> _WHAT YOU NEED TO DO_:
Could you please transcribe the data exactly, without the pictures?

> _DATA BELOW_:
BEGIN
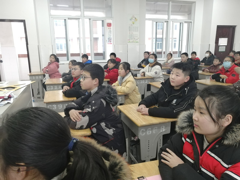张月琴从“年”的传说,说到春节习俗:年夜饭、贴“福”字、守岁等,重点讲述了春联的来历、书写的规范、张贴的讲究,其间还讲述了与春联有关的小故事,展示了不少春联作品,张老师语言幽默,教室里不时引发阵阵笑声,她告诉学生春联有很深的文化意蕴,从桃符到门神、从镇邪到好看、从实用到审美、从喜庆到祝愿,很好的体现了春联的发展变化。
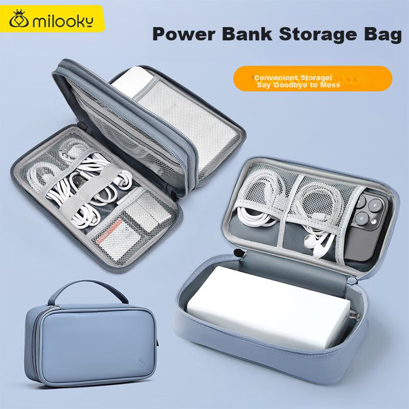Funda para banco de energía Milooky de tela resistente Negra/Azul unisex
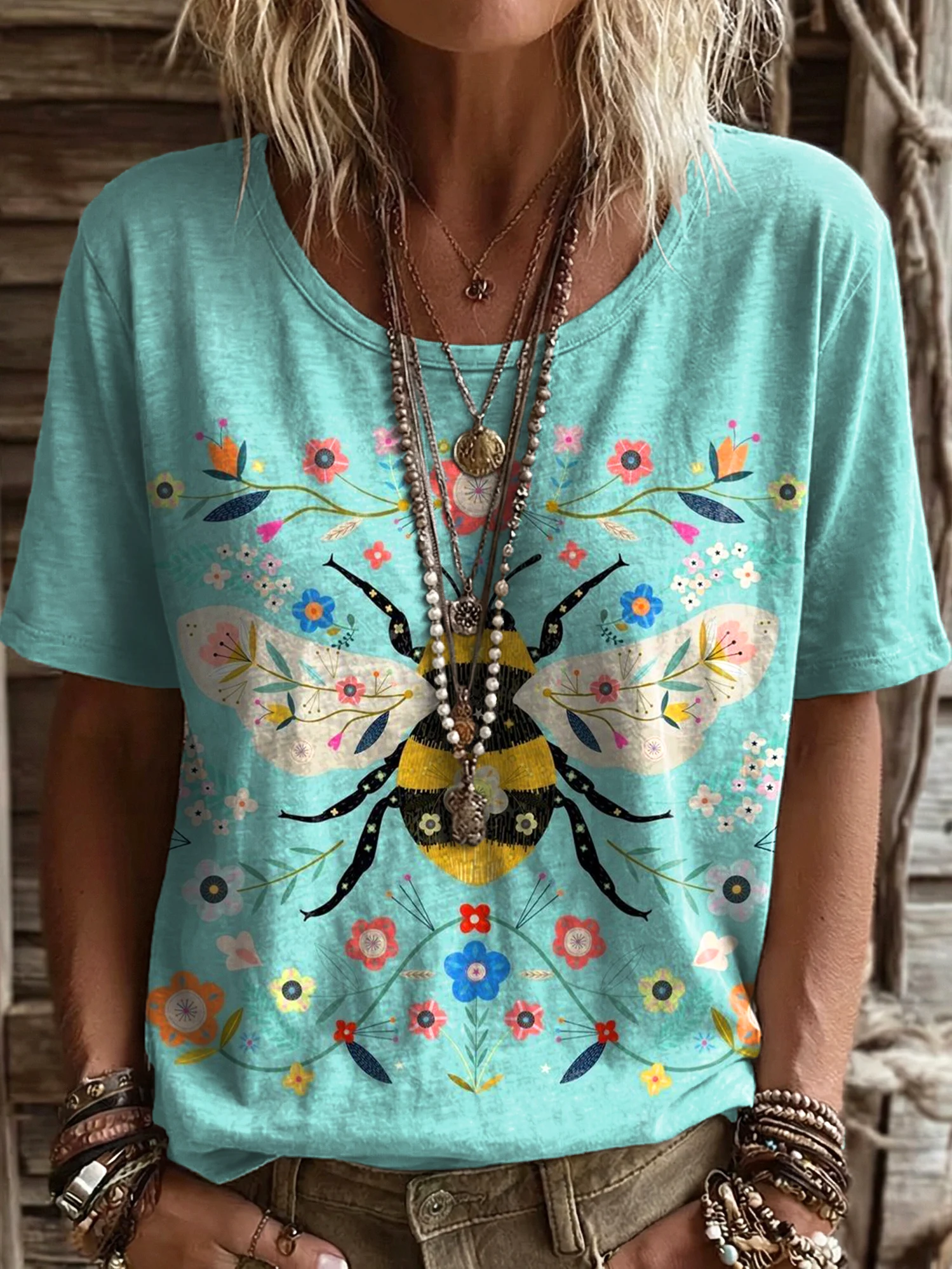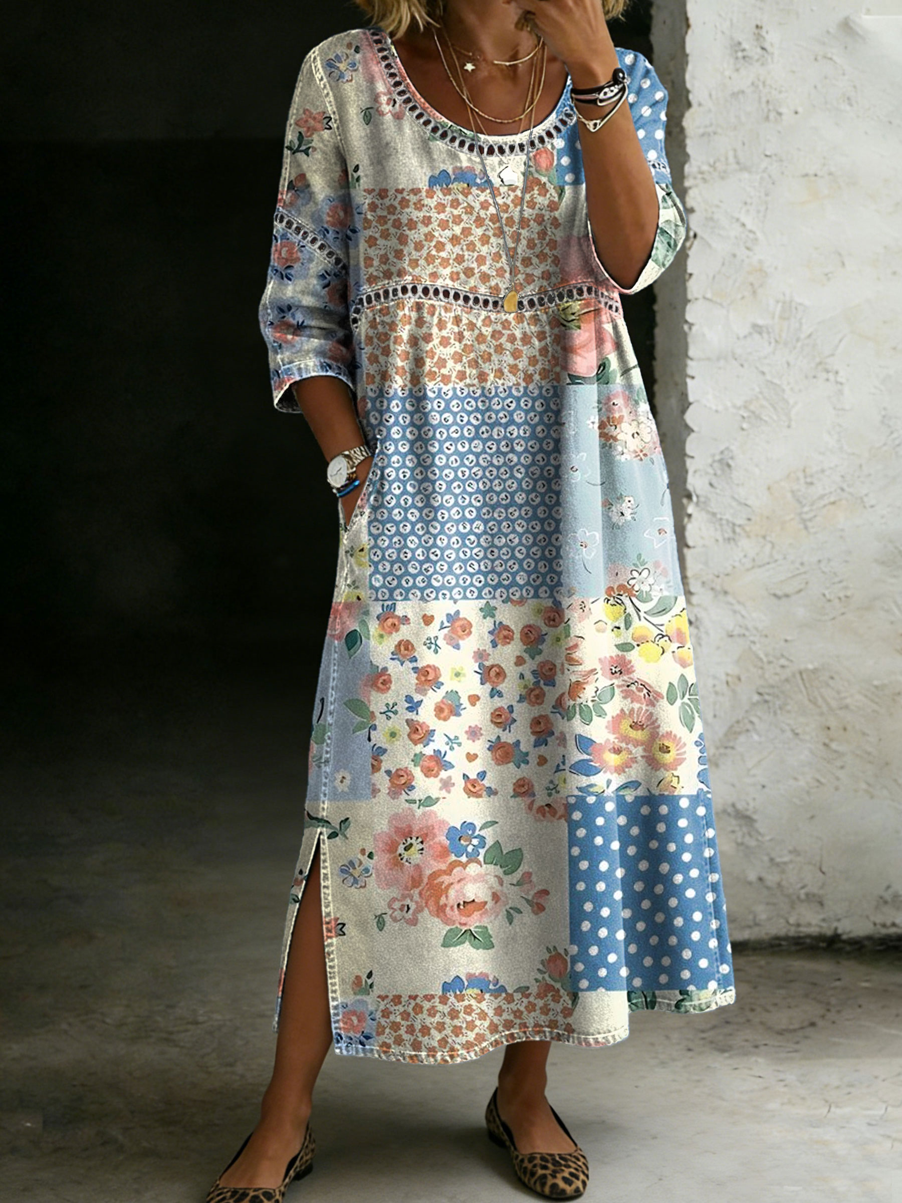 Women's Blue Floral Art Print Casual Crew Neck Patchwork Denim Dress
END
> _RESPONSE TO THIS EXERCISE_:
张月琴从“年”的传说,说到春节习俗:年夜饭、贴“福”字、守岁等,重点讲述了春联的来历、书写的规范、张贴的讲究,其间还讲述了与春联有关的小故事,展示了不少春联作品,张老师语言幽默,教室里不时引发阵阵笑声,她告诉学生春联有很深的文化意蕴,从桃符到门神、从镇邪到好看、从实用到审美、从喜庆到祝愿,很好的体现了春联的发展变化。
Funda para banco de energía Milooky de tela resistente Negra/Azul unisex
 Women's Blue Floral Art Print Casual Crew Neck Patchwork Denim Dress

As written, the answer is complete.